#### DATA SECTION

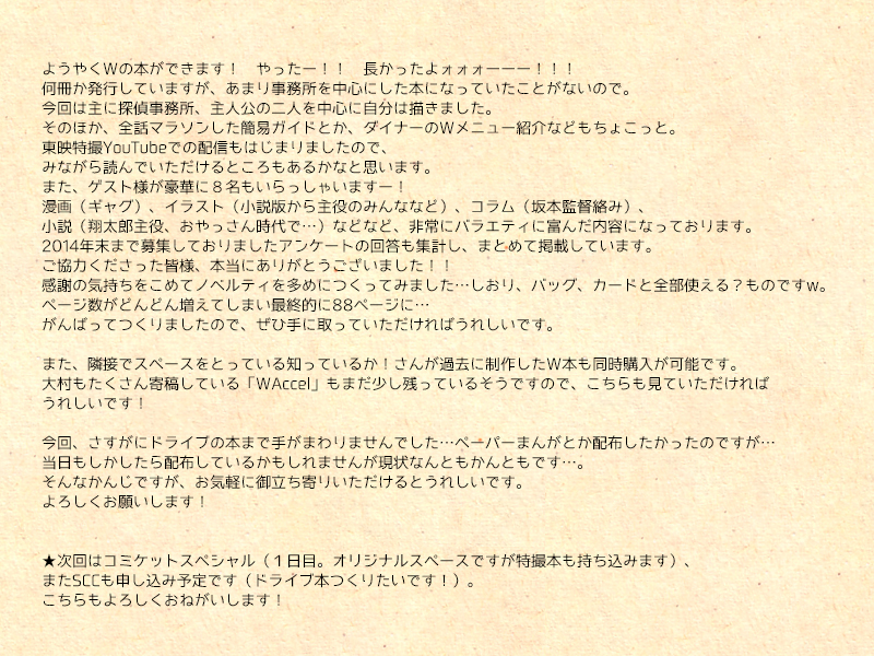 新刊のW本も「楽しみにしていた」と仰ってくださる方が多く、改めてWの人気に嬉しくなります。もうずーっと作ってるような感じだったのでw、自分では(ゲスト様のページは素晴らしいのですが!)自分のところが面白いのかどうなのかもよくわからず……。
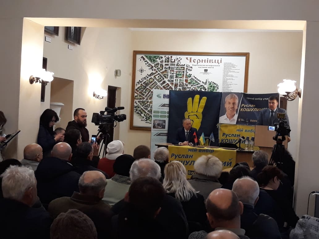 Під час заходу при вході та всередині приміщення Чернівецької міської ради спостерігачка ОПОРИ зафіксувала агітаційні матеріали. В залі, де відбувалась зустріч, був один банер з символікою партії ВО «Свобода», один із зображенням кандидата в Президенти Руслана Кошулинського та два прапори з написом «Мій вибір Руслан Кошулинський». Сам Олег Тягнибок у своєму виступі розповідав про пункти програми кандидата в Президенти Руслана Кошулинського, розказував його біографію та закликав голосувати за висуванця від партії «Свобода». Також присутнім на заході роздавали агітаційні папки, в яких були два календарі різного формату із зображенням Руслана Кошулинського, роздрукована передвиборча програма та дві партійні газети ВО «Свобода».
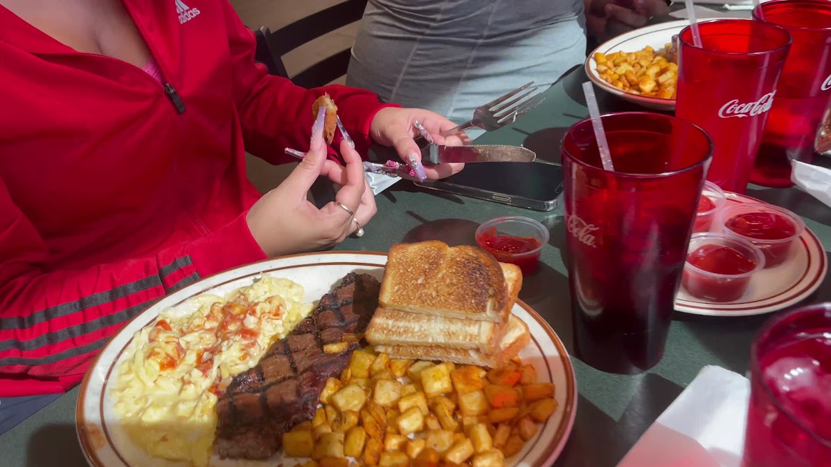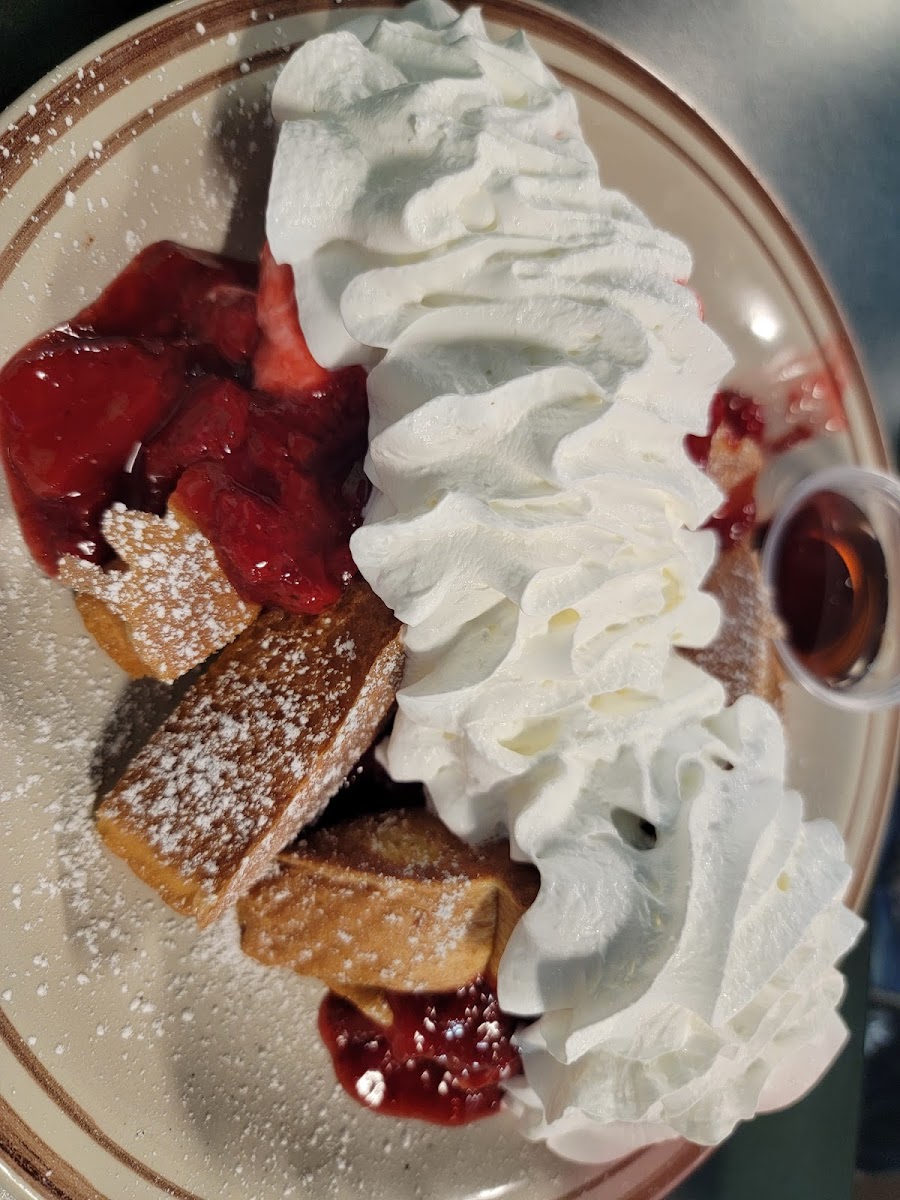 I highly recommend the California crepe or chicken fried steak, both were delicious. Their coffee and water was delicious as well. You get plenty of food for your money. Clean restroom, tables, floors and seats. Our waitress and staff were very friendly and made sure we had everything we needed. I highly recommend stopping by for some of their delicious food.

########

YOUR INSTRUCTIONS: Working from the line that contains "Під час заходу" to the last line of the listing, please quote each line exactly, pictures excluded.

TASK RESPONSE:
 Під час заходу при вході та всередині приміщення Чернівецької міської ради спостерігачка ОПОРИ зафіксувала агітаційні матеріали. В залі, де відбувалась зустріч, був один банер з символікою партії ВО «Свобода», один із зображенням кандидата в Президенти Руслана Кошулинського та два прапори з написом «Мій вибір Руслан Кошулинський». Сам Олег Тягнибок у своєму виступі розповідав про пункти програми кандидата в Президенти Руслана Кошулинського, розказував його біографію та закликав голосувати за висуванця від партії «Свобода». Також присутнім на заході роздавали агітаційні папки, в яких були два календарі різного формату із зображенням Руслана Кошулинського, роздрукована передвиборча програма та дві партійні газети ВО «Свобода».
 I highly recommend the California crepe or chicken fried steak, both were delicious. Their coffee and water was delicious as well. You get plenty of food for your money. Clean restroom, tables, floors and seats. Our waitress and staff were very friendly and made sure we had everything we needed. I highly recommend stopping by for some of their delicious food.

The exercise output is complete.